Mýa combined flawless choreography with the natural charisma that has long characterized her performances to bring a delicate, feminine spirit to the stage. Her performance during Women’s History Month seemed like a suitable reminder of the enduring impact of women whose artistic ability transcends decades. She transitioned between singles like “Case of the Ex,” “Best of Me,” and “Girls Dem Sugar” and nostalgic moments with timeless songs like “Take Me There” and “Lady Marmalade.” Giving out CDs and roses to the audience was an extra touch that went well with the set’s retro vibe.

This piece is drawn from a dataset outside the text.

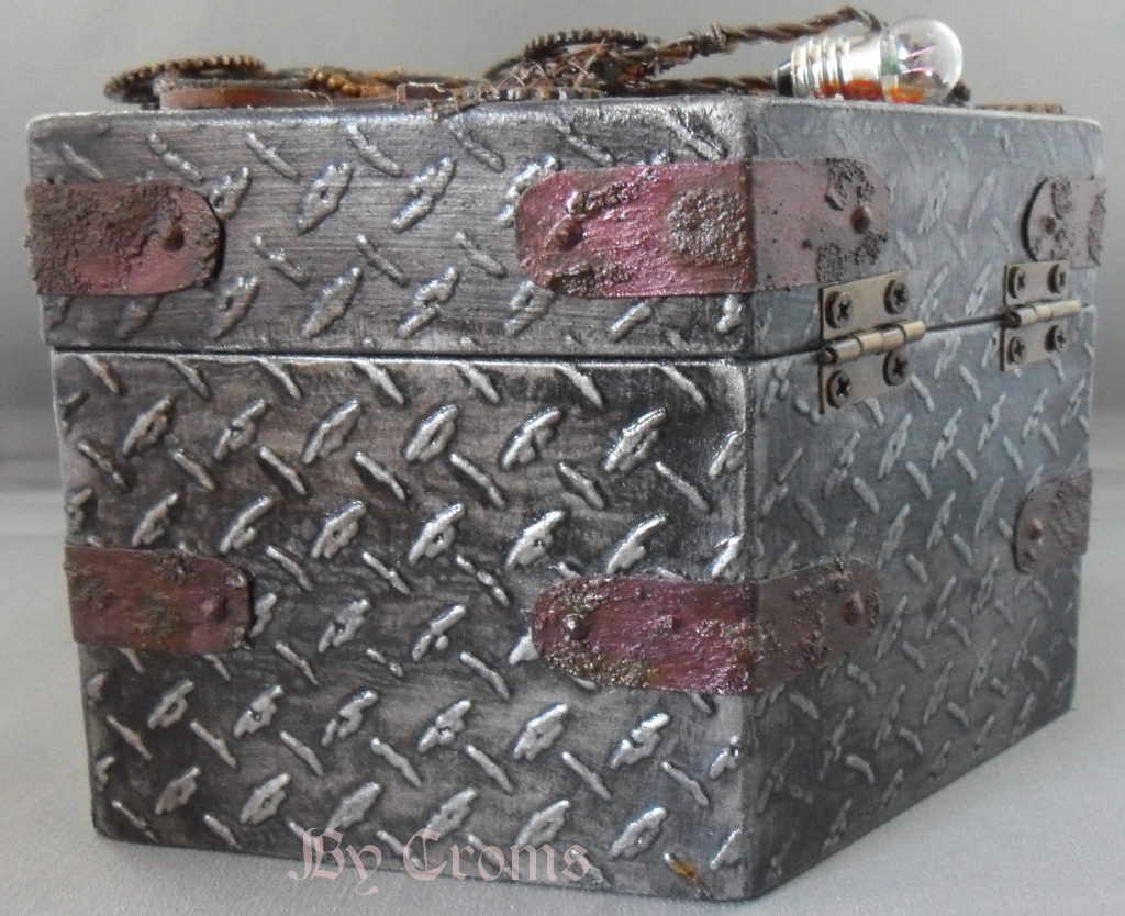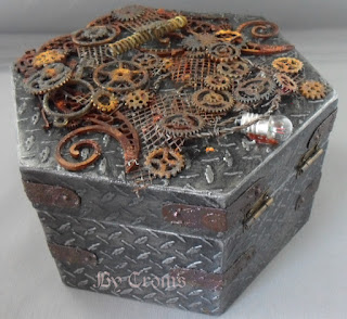 The base unit on my piece is made from a coffin shaped MDF box from stash and a resin face. Covered with fabrics coated with powertex and varnished with pigments.

Mya at 2026 JITG) Music Festival [Photo by David Goodson]

Ella Mai captivated the crowd with her smooth vocals and heartfelt delivery, marking her first festival performance in three years. All smiles and carrying an easy, natural presence on stage, she moved through fan favorites like “Shot Clock,” “Boo’d Up,” “Trip,” and “Little Things,” with vocals that remained strikingly true to the recordings. Blending songs from her early breakout era with tracks from her latest project, Do You Still Love Me?, Mai’s performance felt both effortless and genuine, warmly reconnecting with the audience.

Memphis rapper GloRilla turning up the energy at Jazz in the Gardens (JITG) 2026 [Photo by David Goodson]

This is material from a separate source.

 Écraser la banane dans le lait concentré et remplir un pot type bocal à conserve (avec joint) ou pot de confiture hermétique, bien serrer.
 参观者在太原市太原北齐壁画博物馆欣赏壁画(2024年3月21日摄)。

Memphis rapper GloRilla shifted the festival’s energy into high gear with a fiery set packed with crowd-moving anthems including “Yeah Glo!,” “F.N.F.,” “Hollon,” and “Let Her Cook.” The excitement escalated even further when Sexyy Red made a surprise appearance for “WHATCHU KNO ABOUT ME,” sending the crowd into a frenzy.

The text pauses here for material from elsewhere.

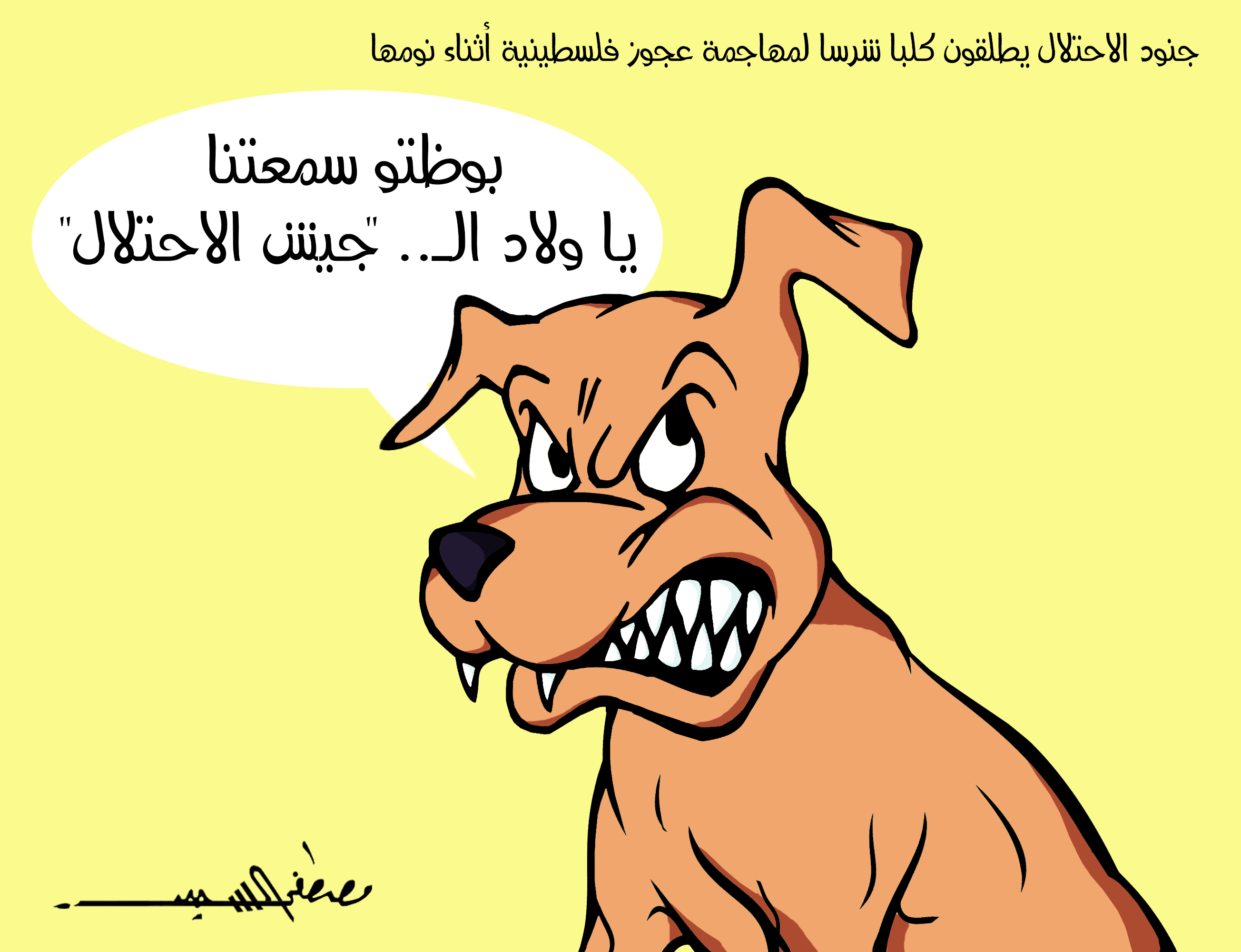 هجوم كلب جيش الاحتلال على المسنة الفلسطينية.. فى كاريكاتير

Jhene Aikeo at 2026 JITG Music Festival [Photo by David Goodson]

Closing the night, Jhené Aiko transformed the stage into an intimate, jazz-lounge-inspired sanctuary she called “JC Brown’s Jazz Lounge.” Dressed in a shimmering metallic gown, she performed alongside a live band featuring keys, bass, and harp, creating an ethereal and tranquil atmosphere with soft visuals and delicate vocals. Throughout the set, she delivered fan favorites like “While We’re Young,” “The Worst,” “Sativa,” “P*$$Y Fairy (OTW),” “Triggered (freestyle),” “None of Your Concern,” and “B.S.,” while also weaving in thoughtful musical moments—blending John Legend’s “Ordinary People” into “Triggered” and Aaliyah’s “One in a Million” into “Sativa.”

The performance reached a spiritual peak as Aiko incorporated sound bowl healing into the set and paused to give glory to God, closing day one with a calm, grounding energy that contrasted beautifully with the night’s earlier momentum.

On Sunday, March 8, Boney James and Jazz Roots made a comeback, followed by Southern Soul, Sunday Service to the Stage by Pastor Mike Jr., Timeless Vocals by Stephanie Mills, and the classics by The Isley Brothers. Ludacris concluded the Festival with a Star-Studded Celebration after back-to-back hits from Ashanti and Nelly.

With an homage to the festival’s jazz legacy, Boney James opened day two with a seamless instrumental set supported by a full ensemble. His poignant performance of “Ain’t No Sunshine” established the mood for the day. Artists and fans wearing cowboy boots, hats, and bandanas line danced and waved throughout the crowd as Tonio Armani and King George added Southern soul flavor to the event. The entire audience was dancing to hits like “Country Girl” and “Keep On Rollin,” demonstrating the genre’s expanding impact throughout the South.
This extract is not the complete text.